When playwright Larry Kramer's "The Normal Heart" premiered in 1985, HIV/AIDS was a mysterious, frightening force — an "insidious killer," as a doctor puts it in the play — wreaking deadly havoc.
Thankfully, treatment with powerful antiretroviral drugs can now suppress the disease and save lives. Still, it's sobering to remember that nearly 700,000 Americans have died since HIV/AIDS began its rampage, and that many of the victims have been gay or bisexual men.
"The Normal Heart" didn't reach the small screen for nearly three decades, not until director Ryan Murphy and Kramer turned it into an Emmy Award-winning HBO movie in 2014. But this angry, political, moving play has continued to live onstage, with countless productions in regional theaters and a belated Broadway debut in 2011.
Outré Theatre Company, now back in Boca Raton after presenting its work at the Broward Center for a bit more than a season, has begun its latest chapter at the Showtime Performing Arts Theatre with "The Normal Heart." And though director Doug Wetzel's production is uneven, it is impassioned, often compelling and ultimately devastating.
"The Normal Heart" is a dispatch from the front lines of the then unnamed HIV/AIDS crisis in New York circa 1981 to 1984. Its central figure is a firebrand writer and activist named Ned Weeks (Seth Trucks).
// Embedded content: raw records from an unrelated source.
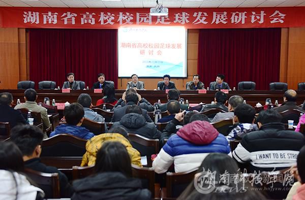 本网讯 12月18日至19日,湖南省高校校园足球发展研讨会在beat365中文官方网站举行。与会专家围绕高校校园足球发展及充分发挥足球育人功能、培养全面发展人才展开深入研讨交流。湖南省教育厅副巡视员郭建国及beat365中文官方网站校长曾宝成,副校长宋宏福、程智开出席等领导论坛开幕式。论坛吸引了来自省内各高校的体育学院院长和专家学者40余人出席。beat365中文官方网站党委书记陈弘专门撰文《足球与教育》,阐述足球与教育的关系,提出“文明学生的精神,强健学生的体魄,是教育的本义,两者不可偏废。”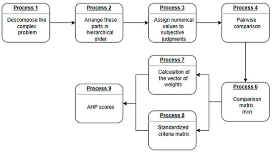 The AHP method was then applied, following the procedure shown in Figure 2.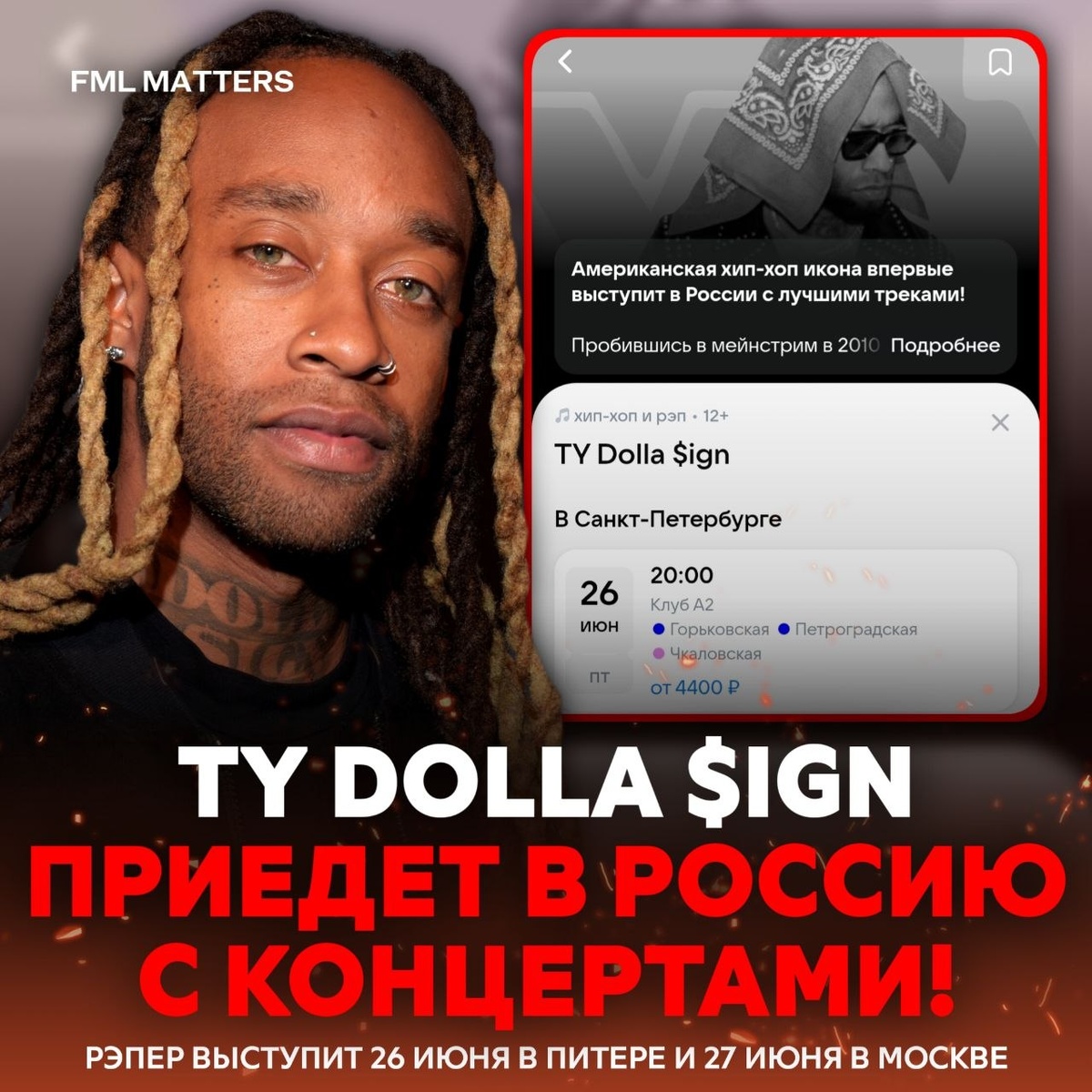 ! Ty Dolla $ign соратник и друг Йе, Beyoncé и Drake, приедет с концертом в Россию. По информации сервиса VK Билеты, его выступление запланировано на 26 июня 2026 года в Санкт-Петербурге — шоу пройдёт в клубе A2 в 20:00. Стоимость билетов — от 4400 рублей. Ждём? ❤️🔥/👎 💀 FML MATTERS

Like Kramer, a founder of the Gay Men's Health Crisis and ACT UP, Ned is demanding, outspoken and confrontational. He has no patience for the more subtle, politically cautious tactics advocated by others, some of whom choose to remain closeted because of their high-profile jobs.
Besides working together to get an organization much like the Gay Men's Health Crisis off the ground, the men often encounter each other at the office of Emma Brookner (Elizabeth Price), a brutally honest doctor whose life was altered by childhood polio. She is treating too many cases of this new killer disease, sounding the alarm, appealing for the research funding that might eventually lead to a cure. Mostly, her words fall on deaf ears. But Ned listens.
At some point, Ned is at odds with just about everyone in his life. His brother Ben (Ben Prayz), a lawyer far more interested in building a stunning multimillion-dollar home than in doing pro bono work for Ned's organization, loves his outspoken brother. But Ned's sexual orientation remains a seemingly insurmountable wedge between them.
Ned's colleagues in the organization — particularly Mickey Marcus (Lawrence Buzzeo), a writer for the city's health department; Tommy Boatwright (Robert Fritz), a Southern charmer; and Bruce Niles (Christopher Mitchell), a handsome and closeted Citibank vice president — disagree with his tactics. In a long-delayed meeting with Hiram Keebler (Michael H. Small), a closeted representative of then Mayor Ed Koch, the men try various forms of diplomacy and persuasion. Ned yells, insults and alienates.
Kramer shows other dimensions of Ned through his exhilarating, heartbreaking relationship with Felix Turner (Conor Walton), a social and fashion reporter for the New York Times. Felix is divorced, a father, closeted, smart, magnetic. Ned is Ned. But the two click, and in the space of a few years, experience deep love and terrible tragedy.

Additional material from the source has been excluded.